The cell below contains the code we used to generate the synthetic datasets. You can uncomment and run it to generate your own synthetic data.

**Warning: This may take a few hours to complete.**

In [None]:
# Uncomment the lines below to run CopulaGAN and regenerate the synthetic data

# from sdv.tabular import CopulaGAN

# # Income Dataset
# income_model = CopulaGAN()
# income_model.fit(income_train)
# income_synthetic = income_model.sample(income_train.shape[0])

# # Bank Dataset
# bank_model = CopulaGAN()
# bank_model.fit(bank_train)
# bank_synthetic = bank_model.sample(bank_train.shape[0])

# # Airline dataset
# airline_model = CopulaGAN()
# airline_model.fit(airline_train)
# airline_synthetic = airline_model.sample(airline_train.shape[0])

## Evaluating the synthetic data

Now that we have our synthetic data, we can evaluate how effective it is to use when developing ML models.

Similar to the original data (control), we'll use the Binary Decision Tree Classifier and Binary Logistic Regression models.

In [None]:
synth_inputs = [income_synthetic, bank_synthetic, airline_synthetic]
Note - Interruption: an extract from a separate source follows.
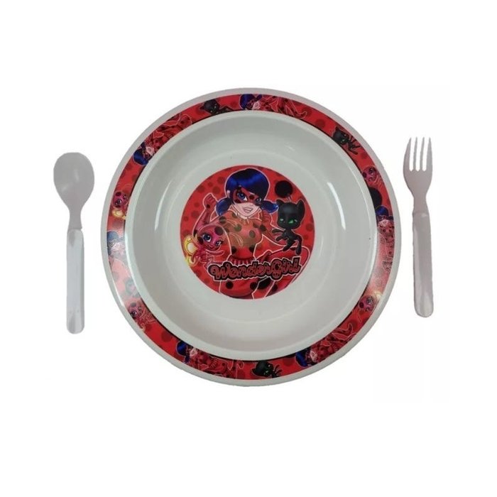 Kit 2 Pratos Infantil com Talher Pratinho Bebe Lady Bug +Brinde

# Iterate through each dataset and collect results
for i in range(3):
  dataset = dataset_names[i]
  train = synth_inputs[i]
  test = tests[i]

  # the column we're trying to predict is always the last one
  target_col = train.columns[-1]

  # Create & evaluate the ML models
  tree = BinaryDecisionTreeClassifier.compute(test, train, target=target_col)
  lr = BinaryLogisticRegression.compute(test, train, target=target_col)

  # Save results
  results[dataset]['Synth_Tree'] = tree
  results[dataset]['Synth_LR'] = lr

# Final results

Now we can compare the ML efficacy when we use the original data versus synthetic data.

The raw results from our run is printed below.

In [None]:
print('Income Dataset')
print('Original Logistic:', results['income']['LR'])
print('Synthetic Logistic:', results['income']['Synth_LR'])
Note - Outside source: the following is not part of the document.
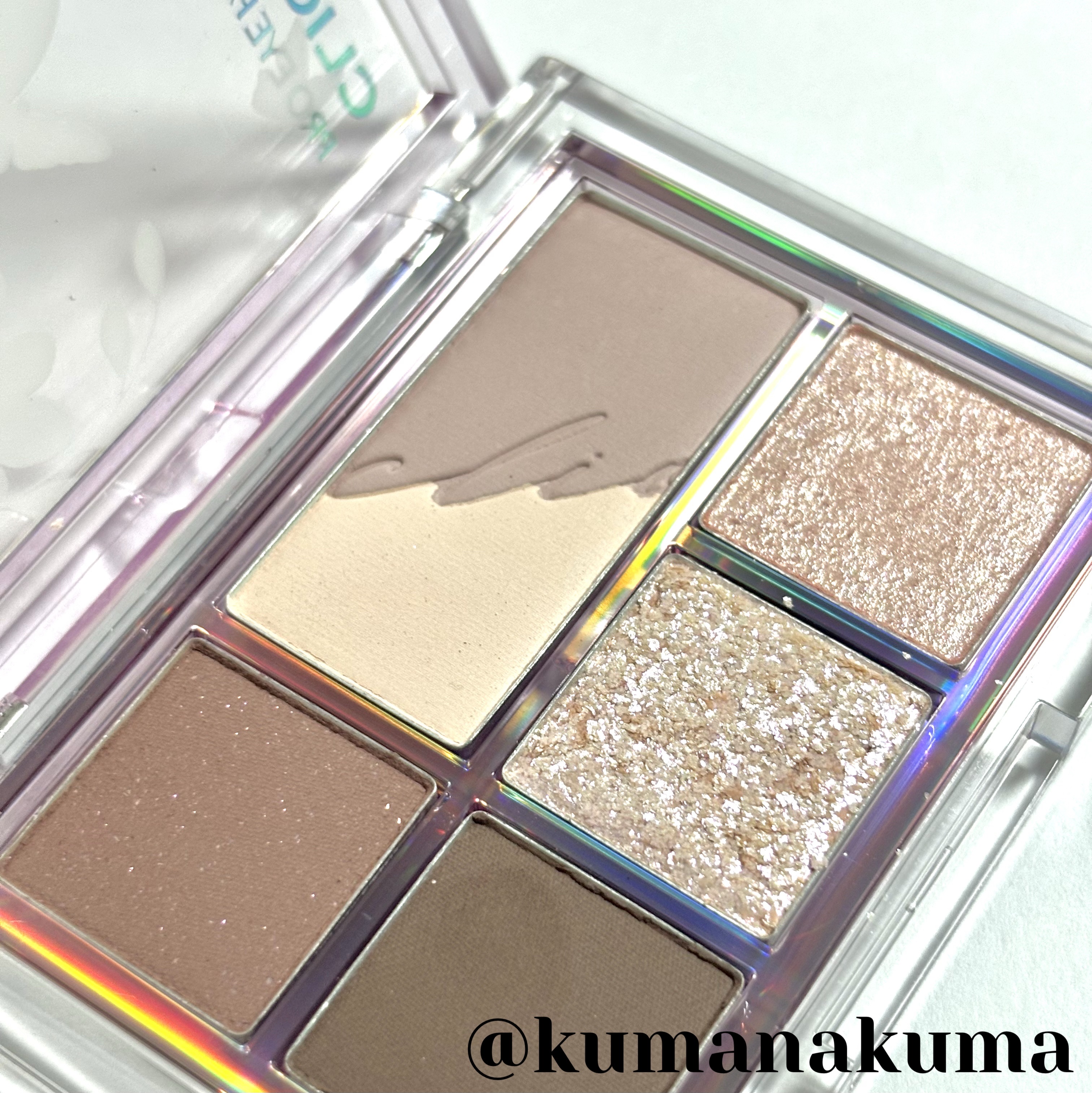 - 同系色陰影カラーと上品でクリアなグリッターの組み合わせの必要なカラーだけ詰め込んだミニアイパレット!

print('Original Tree:', results['income']['Tree'])
print('Synthetic Tree:', results['income']['Synth_Tree'], '\n')

print('Bank Dataset')
print('Original Logistic:', results['bank']['LR'])
print('Synthetic Logistic:', results['bank']['Synth_LR'])

print('Original Tree:', results['bank']['Tree'])
print('Synthetic Tree:', results['bank']['Synth_Tree'], '\n')

print('Airline Dataset')
print('Original Logistic:', results['airline']['LR'])
print('Synthetic Logistic:', results['airline']['Synth_LR'])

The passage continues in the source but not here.